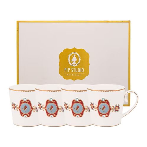 Tomando um farto café da manhã com amigos e família? Com este conjunto de canecas de 250ml com 4 peças, você garantirá que sua mesa está perfeitamente estilizada. As canecas são todas brancas com detalhes dourados na borda e com um passarinho pintado no meio de um belo medalhão em relevo. Estas canecas são perfeitas para misturar e combinar com os outros itens desta coleção. Dica: combine essas canecas com um conjunto de 4 pratos.
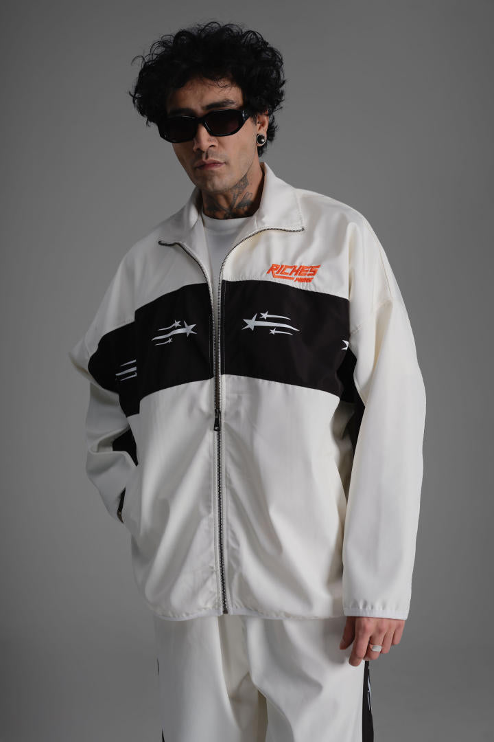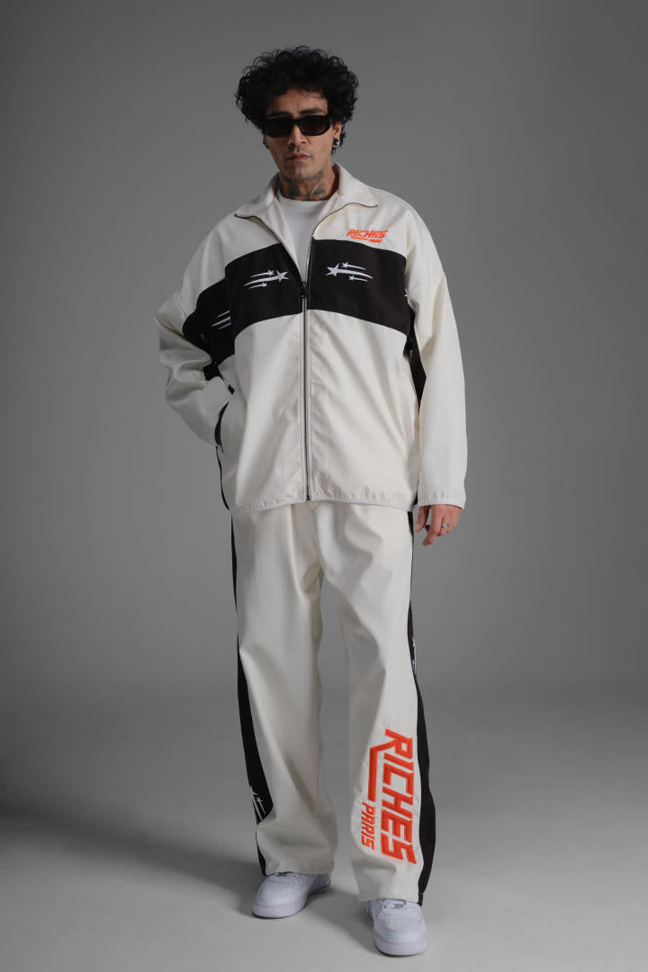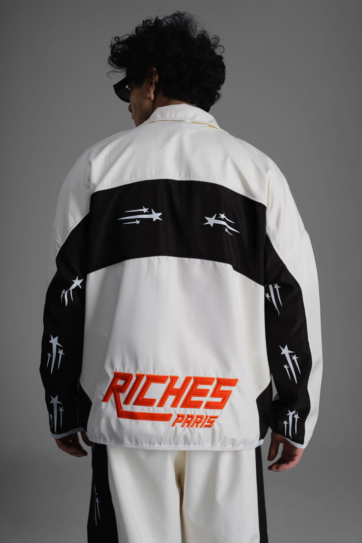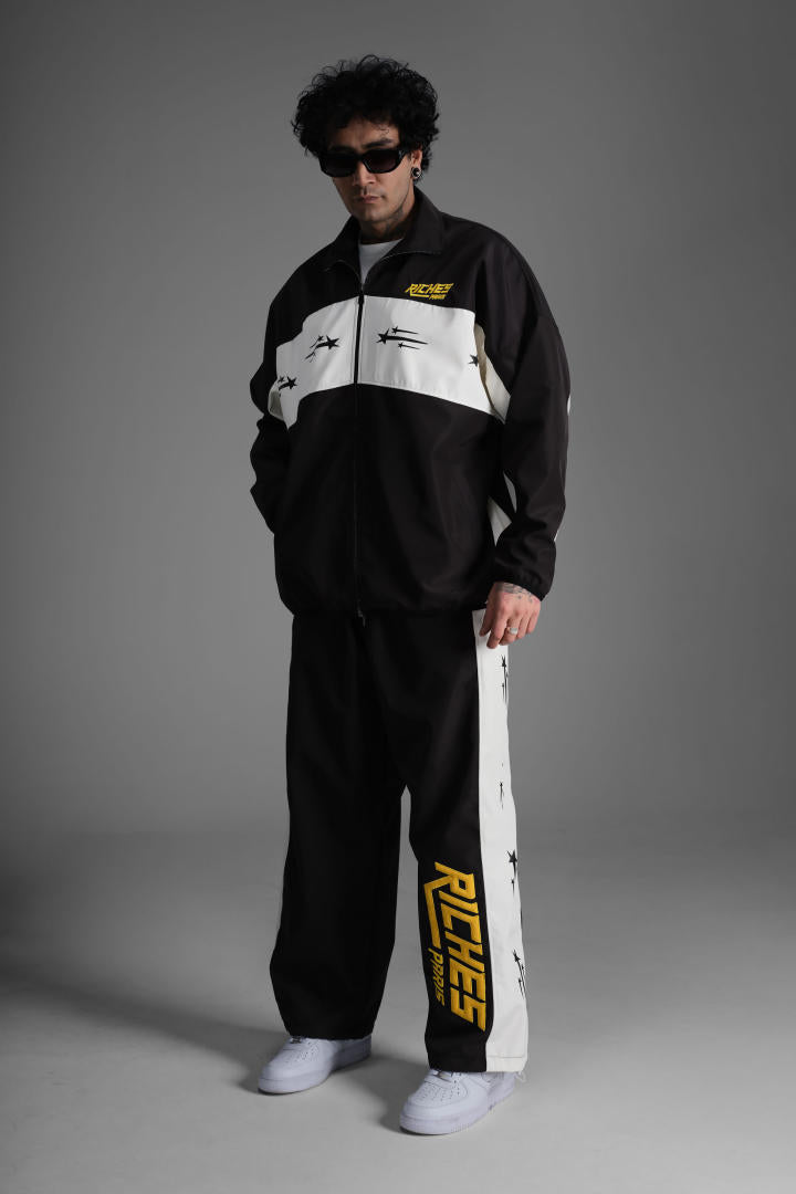 La veste zippée à col montant apporte une touche sportive, tandis que le pantalon assorti complète la silhouette avec un style affirmé. Les logos Riches Paris brodés et les détails étoilés renforcent son identité graphique.
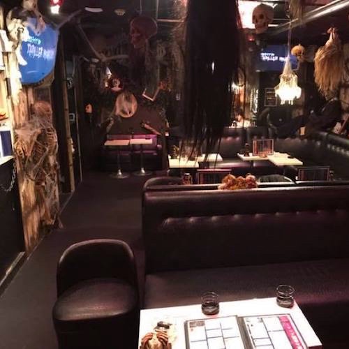 Les poupées, les squelettes ainsi que les crânes accrochés au mur vous glaceront le sang, mais l’endroit est très agréable et les serveurs feront en sorte que vous vous sentiez comme chez vous, avec vos amis, pendant une soirée d’Halloween. Le bar propose aussi des formules à 3 980¥ (30€) qui comprennent une histoire en direct de 15 minutes et une heure de boisson à volonté, bien connue des izakaya. Vous pouvez aussi choisir une extension d’une heure pour 2 980¥ (environ 22€) de plus.
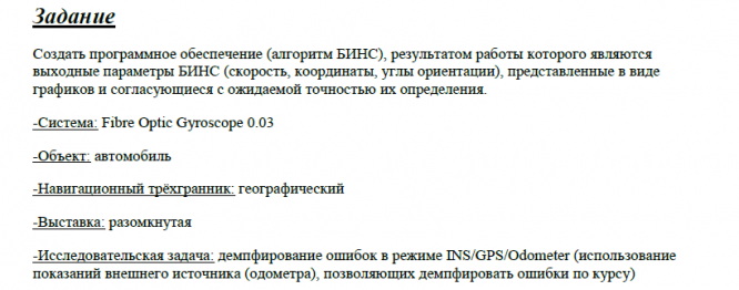 Для студентов МГТУ им. Н.Э.Баумана по предмету НИР - Высокоточные системы навигацииРазработка алгоритма БИНС (вариант №6)Разработка алгоритма БИНС (вариант №6)
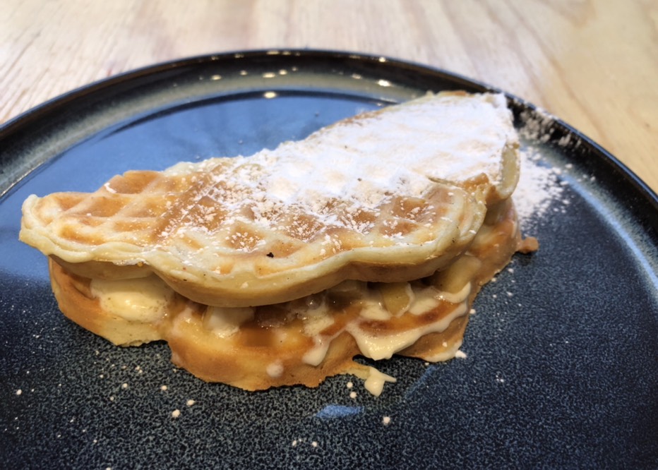 Для примера, в размере mini: сладкая вафля «Штрудель» с начинкой из запечённого яблока с корицей, сыром «Маскарпоне» и соусом «Карамель», будет стоить 295 рублей.
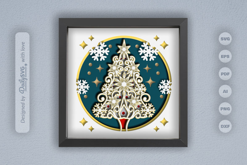3D Christmas Snowflake Tree Papercut SVG Bundle
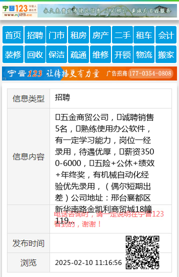✅五金商贸公司,✅诚聘销售5名,✅熟练使用办公软件,有一定学习能力,岗位一经录用,待遇优厚,✅薪资3500-6000,✅五险+公休+绩效+年终奖,有机械自动化经验优先录用,(偶尔短期出差)公司地址:邢台襄都区新华南路金凯利商贸城18幢119室,张先生18732967890
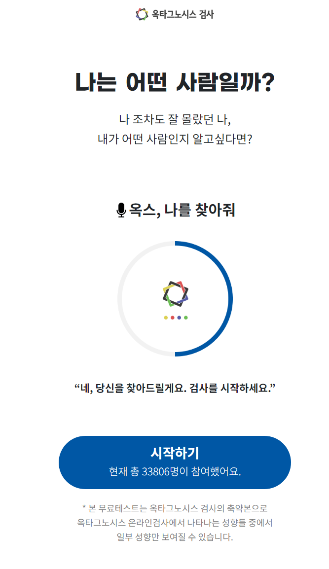 현재 33,806명이 진행했다고 하네요! 옥타그노시스(OGS)검사는 국내 유일 특허받은 검사인데요. '나를 찾아줘' 검사는 그 옥타그노시스 검사의 축약본으로 1성향을 알아낼 수 있는 검사입니다!
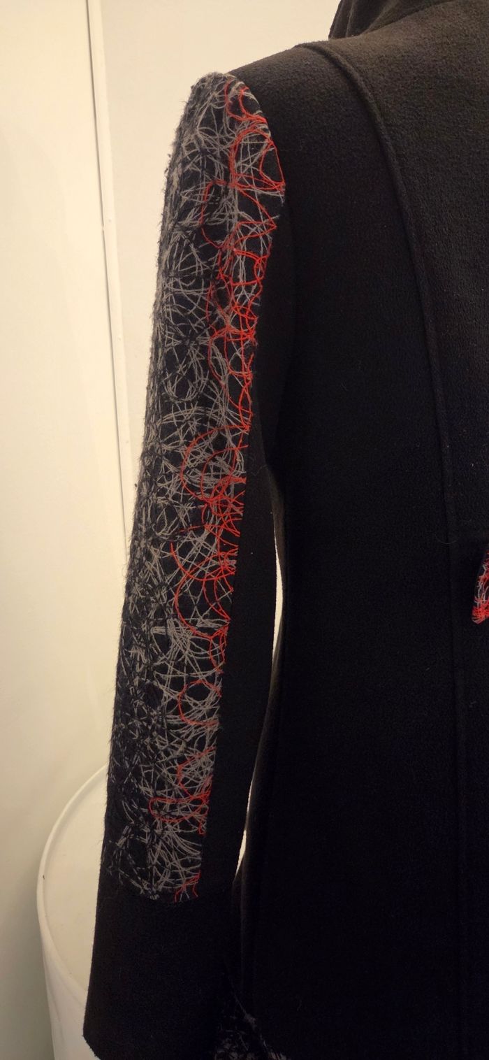 Manteau original Clara Vitti – coupe cintrée élégante – détails rouges artistiques – taille 38 - photo numéro 8
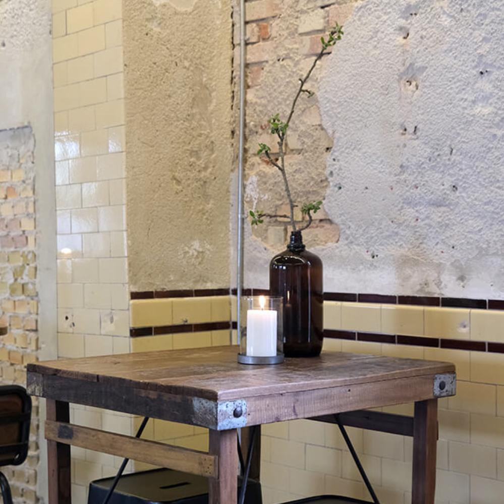 Den rå og industrielle stilen kombineres med varme toner i treverket, og passer særlig godt sammen med våre barstoler i lær eller lin. Et møbel som både tåler bruk og eldes med skjønnhet.
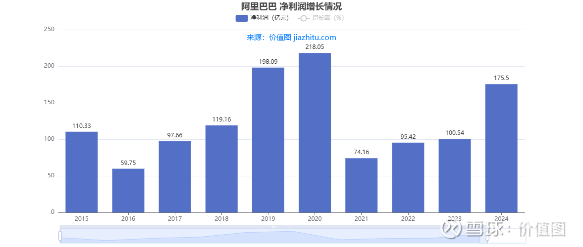 净利润就像 “成绩单”,能直接看出公司赚了多少。阿里的净利润走势,简直是 “过山车”:
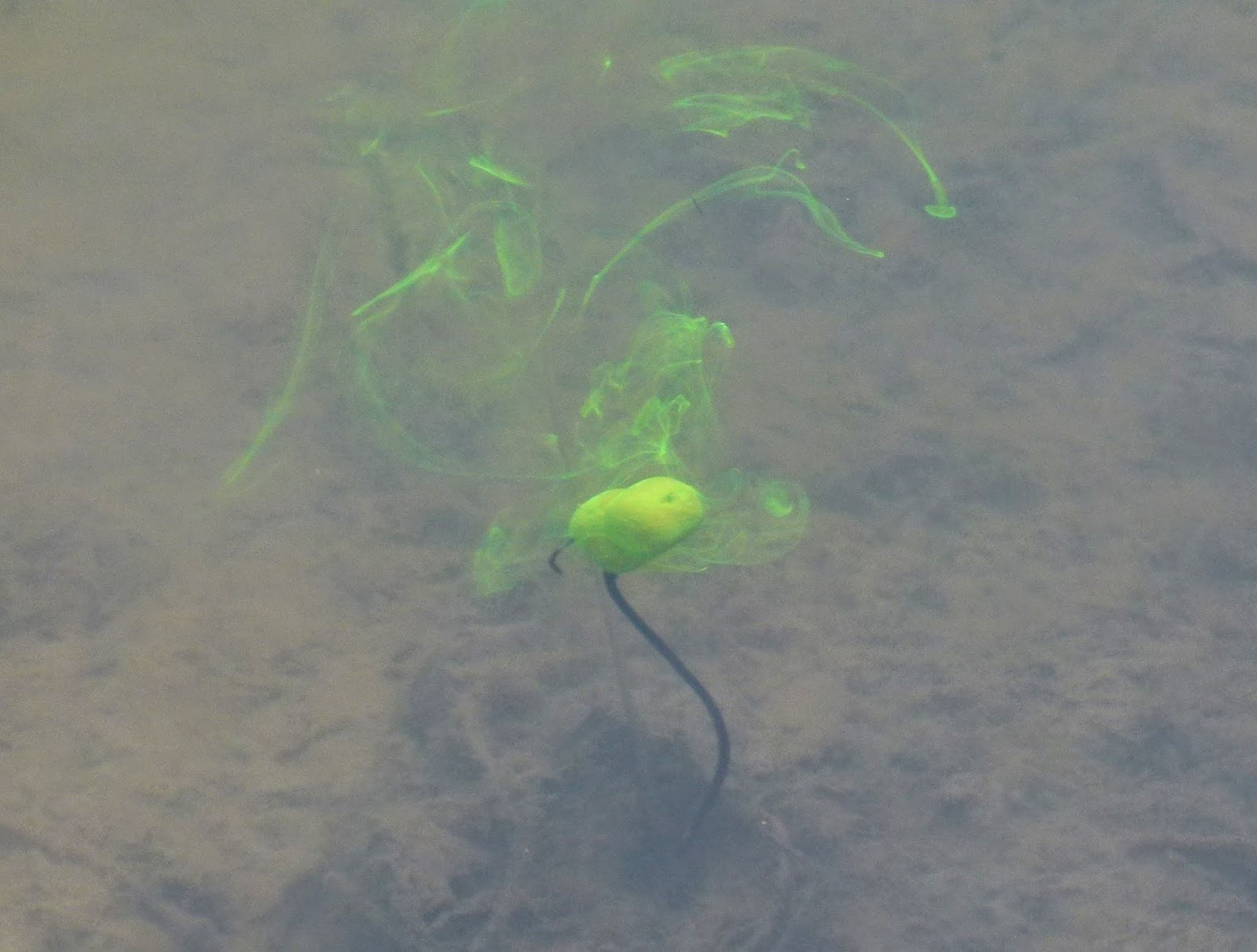 Jag lekte lite med doft - och färgämnet Goo senast jag fiskade och här har vi en bild på hur detta sprider sitt budskap, mer erfarenhet än detta, har jag tyvärr inte för ögonblicket, men det kommer i framtiden och då tittar vi mera på detta.

══════════════════════════════

| TASK TO CARRY OUT |
Repeat the records in full, precisely, and keep the pictures out.

| EXERCISE OUTPUT |
 Tomando um farto café da manhã com amigos e família? Com este conjunto de canecas de 250ml com 4 peças, você garantirá que sua mesa está perfeitamente estilizada. As canecas são todas brancas com detalhes dourados na borda e com um passarinho pintado no meio de um belo medalhão em relevo. Estas canecas são perfeitas para misturar e combinar com os outros itens desta coleção. Dica: combine essas canecas com um conjunto de 4 pratos.
 La veste zippée à col montant apporte une touche sportive, tandis que le pantalon assorti complète la silhouette avec un style affirmé. Les logos Riches Paris brodés et les détails étoilés renforcent son identité graphique.
 Les poupées, les squelettes ainsi que les crânes accrochés au mur vous glaceront le sang, mais l’endroit est très agréable et les serveurs feront en sorte que vous vous sentiez comme chez vous, avec vos amis, pendant une soirée d’Halloween. Le bar propose aussi des formules à 3 980¥ (30€) qui comprennent une histoire en direct de 15 minutes et une heure de boisson à volonté, bien connue des izakaya. Vous pouvez aussi choisir une extension d’une heure pour 2 980¥ (environ 22€) de plus.
 Для студентов МГТУ им. Н.Э.Баумана по предмету НИР - Высокоточные системы навигацииРазработка алгоритма БИНС (вариант №6)Разработка алгоритма БИНС (вариант №6)
 Для примера, в размере mini: сладкая вафля «Штрудель» с начинкой из запечённого яблока с корицей, сыром «Маскарпоне» и соусом «Карамель», будет стоить 295 рублей.
3D Christmas Snowflake Tree Papercut SVG Bundle
✅五金商贸公司,✅诚聘销售5名,✅熟练使用办公软件,有一定学习能力,岗位一经录用,待遇优厚,✅薪资3500-6000,✅五险+公休+绩效+年终奖,有机械自动化经验优先录用,(偶尔短期出差)公司地址:邢台襄都区新华南路金凯利商贸城18幢119室,张先生18732967890
 현재 33,806명이 진행했다고 하네요! 옥타그노시스(OGS)검사는 국내 유일 특허받은 검사인데요. '나를 찾아줘' 검사는 그 옥타그노시스 검사의 축약본으로 1성향을 알아낼 수 있는 검사입니다!
 Manteau original Clara Vitti – coupe cintrée élégante – détails rouges artistiques – taille 38 - photo numéro 8
 Den rå og industrielle stilen kombineres med varme toner i treverket, og passer særlig godt sammen med våre barstoler i lær eller lin. Et møbel som både tåler bruk og eldes med skjønnhet.
 净利润就像 “成绩单”,能直接看出公司赚了多少。阿里的净利润走势,简直是 “过山车”:
 Jag lekte lite med doft - och färgämnet Goo senast jag fiskade och här har vi en bild på hur detta sprider sitt budskap, mer erfarenhet än detta, har jag tyvärr inte för ögonblicket, men det kommer i framtiden och då tittar vi mera på detta.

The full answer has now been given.